Differences in colorectal cancer stage and survival by race and ethnicity

Division of Public Health Sciences, Fred Hutchinson Cancer Research Center, 1100 Fairview Avenue North, Seattle, WA 98109, USA.
Cancer (Impact Factor: 4.89). 08/2005; 104(3):629-39. DOI: 10.1002/cncr.21204
Source: PubMed


In the United States, blacks with colorectal carcinoma (CRC) presented with more advanced-stage disease and had higher mortality rates compared with non-Hispanic whites. Data regarding other races/ethnicities were limited, especially for Asian/Pacific Islander and Hispanic white subgroups.
Using data from 11 population-based cancer registries that participate in the Surveillance, Epidemiology and End Results program, the authors evaluated the relation among 18 different races/ethnicities and disease stage and mortality rates among 154,103 subjects diagnosed with CRC from 1988 to 2000.
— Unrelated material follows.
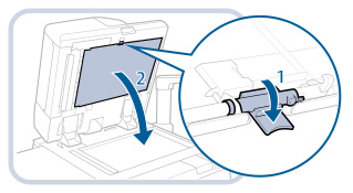 关闭盖板和输稿器时,请小心不要夹住手指,否则可能导致人身伤害。 关闭输稿器时请注意,从稿台玻璃发出的光可能会很亮。 |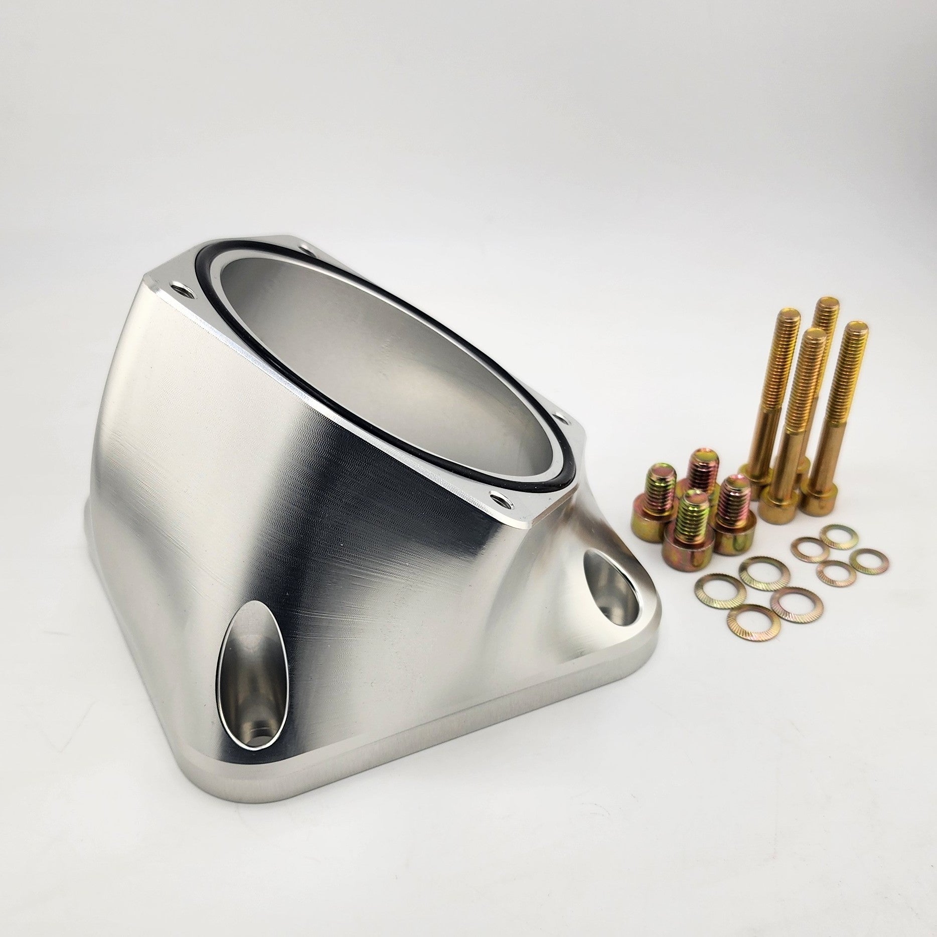 These adapters are built for engines where the installation of the manifold creates limited space to install a DBW adapter and throttle body. They have a 33.3 degree angle from the manifold flange to help get your piping started in the right direction.

Compared with non-Hispanic whites, blacks, American Indians, Chinese, Filipinos, Koreans, Hawaiians, Mexicans, South/Central Americans, and Puerto Ricans were 10-60% more likely to be diagnosed with Stage III or IV CRC. Alternatively, Japanese had a 20% lower risk of advanced-stage CRC. With respect to mortality rates, blacks, American Indians, Hawaiians, and Mexicans had a 20-30% greater risk of mortality, whereas Chinese, Japanese, and Indians/Pakistanis had a 10-40 % lower risk.
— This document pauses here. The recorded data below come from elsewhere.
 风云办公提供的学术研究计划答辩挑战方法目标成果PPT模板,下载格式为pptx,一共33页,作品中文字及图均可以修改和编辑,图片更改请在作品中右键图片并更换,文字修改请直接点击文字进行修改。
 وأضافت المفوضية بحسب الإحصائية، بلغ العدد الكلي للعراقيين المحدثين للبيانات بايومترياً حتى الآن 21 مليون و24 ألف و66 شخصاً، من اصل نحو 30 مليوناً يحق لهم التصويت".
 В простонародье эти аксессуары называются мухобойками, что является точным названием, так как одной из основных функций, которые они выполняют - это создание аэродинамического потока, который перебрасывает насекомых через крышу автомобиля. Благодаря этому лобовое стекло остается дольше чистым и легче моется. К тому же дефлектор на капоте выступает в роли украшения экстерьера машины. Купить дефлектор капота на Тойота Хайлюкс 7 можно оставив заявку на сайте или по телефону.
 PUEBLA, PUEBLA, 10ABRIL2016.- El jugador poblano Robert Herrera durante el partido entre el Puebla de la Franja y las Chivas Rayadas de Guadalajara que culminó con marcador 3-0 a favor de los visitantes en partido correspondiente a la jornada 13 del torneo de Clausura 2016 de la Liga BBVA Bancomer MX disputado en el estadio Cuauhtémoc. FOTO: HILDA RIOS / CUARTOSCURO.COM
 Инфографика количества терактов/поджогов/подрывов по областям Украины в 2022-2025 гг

The authors observed numerous racial/ethnic disparities in the risks of advanced-stage cancer and mortality among patients with CRC, and there was considerable variation in these risks across Asian/Pacific Islander and Hispanic white subgroups. Although the etiology of these disparities was multifactorial, developing screening and treatment programs that target racial/ethnic populations with elevated risks of poor CRC outcomes may be an important means of reducing these disparities.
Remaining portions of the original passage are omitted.